# Audio Interfaces || USB 2.0 vs Firewire (Scarlett vs. Saffire)



## AgileButt (Jun 14, 2014)

Hey there everybody. I'm currently looking for a quality audio interface on a budget (roughly 200$ or so). I've heard good things about Focusrite interfaces, and especially for my price range. So I've sparked a lot of interest in some of the Scarlett and Saffire models. Specifically, the 6i6 and Saffire Pro 14 (I need midi and s/pdif). Their specs seem to be very similar. The big differences are that the 6i6 has more instrument inputs, 2 headphone jacks, a power on/off switch, and is USB 2.0 rather than Firewire. 

Based on the looks, specs, and reviews, I'm definitely leaning towards the Scarlett 6i6. Especially since I've seen quite a few for $190-200, while the Saffire is typically $250. I use a Macbook Pro as my computer, Presonus Studio One 2.0 as my DAW, and would use the interface mostly for DI and Guitar recordings. I'd only really need 2 instrument inputs, but all the 2-input interfaces that I've seen don't have s/pdif or midi. Is the extra $50 worth it for the Firewire connection? I know that many Mac users prefer Firewire to USB, but with the improvement of USB 2.0, will the Firewire make a noticeable difference of any sort?

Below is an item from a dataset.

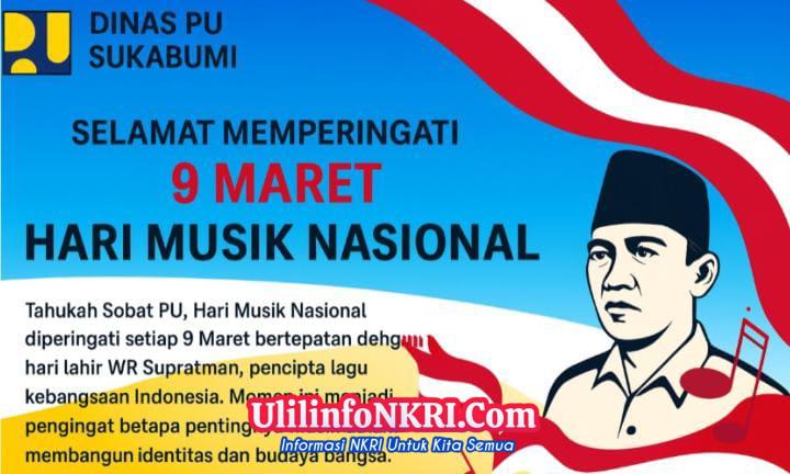 UlilInfoNkri.Com, Sukabumi – Dinas Pekerjaan Umum (PU) Sukabumi turut menyampaikan ucapan selamat memperingati Hari Musik Nasional yang jatuh setiap tanggal 9 Maret. Peringatan ini bertepatan dengan hari lahir Wage Rudolf Supratman (WR Supratman), pencipta lagu kebangsaan Indonesia Raya yang menjadi simbol persatuan dan semangat bangsa.

I'd appreciate any and all the feedback that I can get. I'm also open to other suggestions as well. These 2 just seemed like good fits based on my needs and what I've read about them.


----------



## Fretless (Jun 14, 2014)

I use an 18i20, and I can say I honestly have no discernible latency. I know it's there when I reamp, but with my recording method you don't feel it while playing.


----------



## NickLAudio (Jun 14, 2014)

Focusrite makes very good HIGH END interfaces. The Scarlett line is not one of them. (although the more expensive Scarletts like 18i20 are nice). Some work awesome, but most have problems. There has been so many complaints about them that I wouldn't recomend it. The "Saffire" line and up, on the other hand, are very reliable and are top quality interfaces/pres. I would save the extra money and skip the Scarlett.

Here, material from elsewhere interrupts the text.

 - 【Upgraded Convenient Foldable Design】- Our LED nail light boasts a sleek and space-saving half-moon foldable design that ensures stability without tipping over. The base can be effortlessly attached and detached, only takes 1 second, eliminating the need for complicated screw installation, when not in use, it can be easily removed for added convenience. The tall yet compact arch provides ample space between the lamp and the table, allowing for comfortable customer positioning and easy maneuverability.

Firewire is slightly faster and more stable than USB but is getting less popular/less supported. You won't notice a difference between the two just recording single tracks. You would notice if you're recording 8+ mics into an interface simultaneously were Firewire would have less latency. But for your situation, USB would work perfectly.

Why skimp on your most important piece of gear? Save up a little more and buy something nice!


----------



## Rook (Jun 15, 2014)

There are currently absolutely no known issues with the Scarlett range of interfaces, and going from the 2i2 to the 18i20, they don't get 'better' you just get more and more complex IO and the addition of Scarlett MixControl. The quality remains the same all the way up the line.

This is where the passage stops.